Running and orchestrating large language models (LLMs) on Kubernetes with macOS nodes.
To run and orchestrate LLMs on Kubernetes with macOS nodes, we need the following components:
- Virtual Kubelet: For running
pods
on macOS nodes (forked from virtual-kubelet/cri). - Containerd: For pulling and running Ollama LLM image (forked from containerd/containerd).
- Runm: A lightweight runtime derived from llama.cpp for running LLMs on macOS nodes (source code will be available soon).
- Bronze Willow: CNI Plugin for macOS (source code will be available soon).
This project is inspired by llama.cpp, Ollama and kind.
- A Kubernetes cluster.
- Mac with Apple Silicon chip.
$ make # optional
$ sudo ./bin/demo create
✓ Starting containerd 🚢
✓ Preparing virtual nodes 📦
✓ Creating network 🌐
$ kubectl get nodes
NAME STATUS ROLES AGE VERSION
bj-k8s01 Ready control-plane 214d v1.28.2
bj-k8s02 Ready worker 214d v1.28.2
bj-k8s03 Ready worker 214d v1.28.2
weiqiangt-mba Ready agent 23d v1.15.2-vk-cri-fb9cc09-dev
xiaodong-m1 Ready agent 23d v1.15.2-vk-cri-fb9cc09-dev
After running the above commands, you should see the macOS nodes appear in the output of kubectl get nodes
. In the example above, weiqiangt-mba
and xiaodong-m1
are the macOS nodes.
$ kubectl apply -f k8s/tinyllama.yml
$ kubectl apply -f k8s/mods.yaml
# Retrieve the command for editing config file of mods.
$ echo sed -i \'s/localhost:11434/$(kubectl get svc -o json tinyllama-services | jq '.spec.clusterIP' -r)/g\' '~/.config/mods/mods.yml'
sed -i 's/localhost:11434/198.19.50.27/g' ~/.config/mods/mods.yml
# Copy the output.
$ kubectl exec -it $(kubectl get pods -l app=mods -o jsonpath='{.items[0].metadata.name}') -- bash
root@mods-deployment-77c464f4b8-zn6g5:/# echo "Execute the copied command."
root@mods-deployment-77c464f4b8-zn6g5:/# mods -f "What are some of the best ways to save money?"
$ sudo ./bin/demo delete
✓ Deleting demo 🧹
- KCD Shanghai 2024 (Accepted)
- KubeCon + CloudNativeCon + Open Source Summit + AI_Dev China 2024 (In Evaluation)

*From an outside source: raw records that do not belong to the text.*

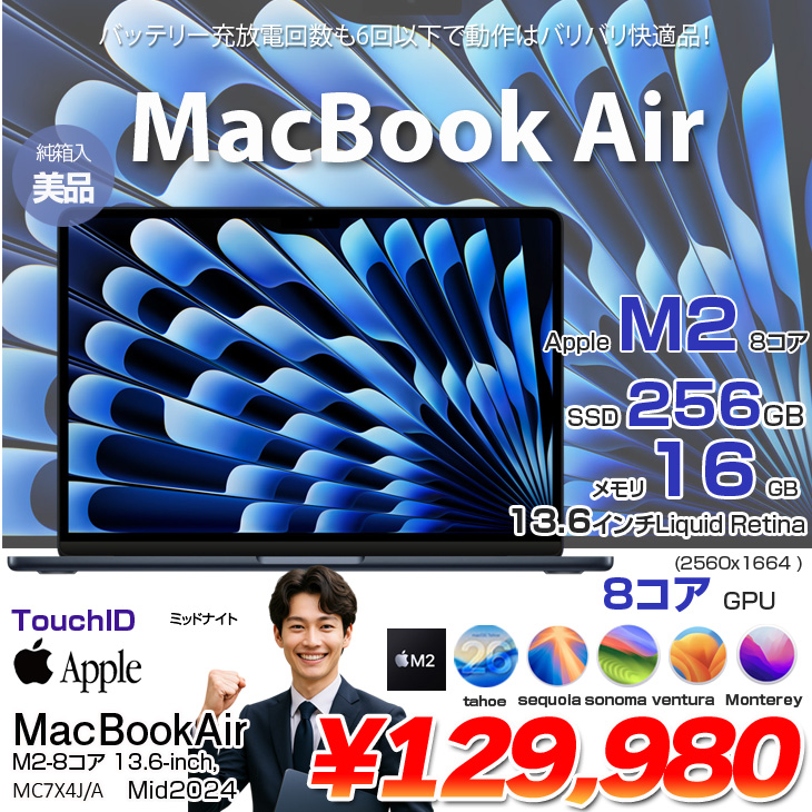 【中古パソコン】Apple MacBook Air 13.6inch MC7X4J/A A2681 2024 TouchID [Apple M2 8コア メモリ16GB SSD256GB 無線 BT カメラ 13.6 Midnight 純箱] :美品
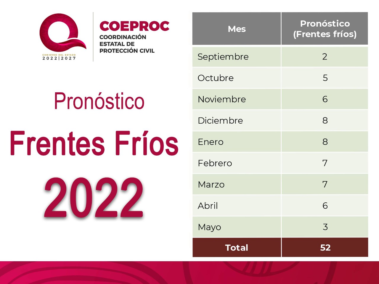 La República Mexicana, por su ubicación geográfica se ve afectada por diversos fenómenos meteorológicos, entre ellos los Frentes Fríos (FF), que comienzan su desplazamiento hacia el territorio nacional a partir del mes de septiembre y hasta el mes de mayo del siguiente año; la mayor frecuencia de estos sistemas meteorológicos ocurre entre noviembre y marzo, sin descartar que algunos frentes se desplazan antes del inicio y término de la temporada invernal y son conocidos como extemporáneos.
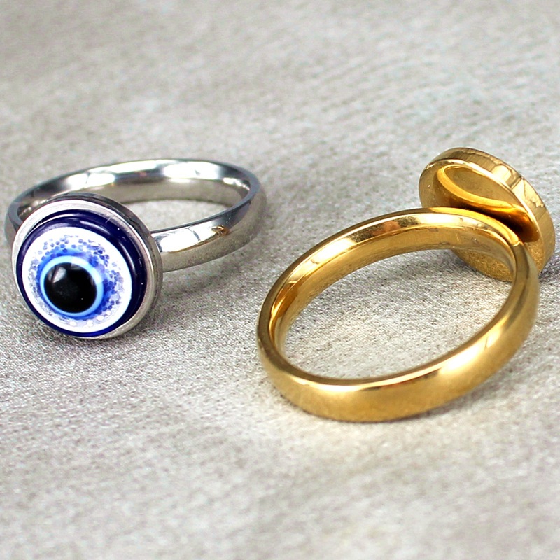 Unisex Titanium Steel Ring Angel Eye Design Durable Wear Resistant Vacuum Plated Fashion Jewelry Gold Tone Lux

Beyond Containers, Orchestrate LLMs with Kubernetes on macOS
With the growing popularity of generative AI, there is an increasing demand for large language models (LLMs) inference capabilities. Kubernetes, being the most popular orchestration platform, is a natural fit for these inference needs. Although GPUs are expensive and often in short supply, Apple Silicon M-series chips (with Unified Memory Architecture) have been proven to be an effective alternative for running LLMs (see ggerganov/llama.cpp performance discussion). However, the prevalent Kubernetes ecosystem is predominantly focused on Linux-based containers. In this presentation, we will showcase our efforts to facilitate LLMs inference on Kubernetes using macOS nodes. We will demonstrate how to employ Virtual Kubelet, Containerd, ShimV2, and runm (derived from llama.cpp: ggerganov/llama.cpp) for deploying open-source foundation models such as gemma, llama2, and mistral on Kubernetes. Additionally, we will discuss our motivation and the challenges encountered during our development journey. Our goal is to encourage the community to expand the Kubernetes ecosystem to inclusively support the execution of LLMs on macOS platforms.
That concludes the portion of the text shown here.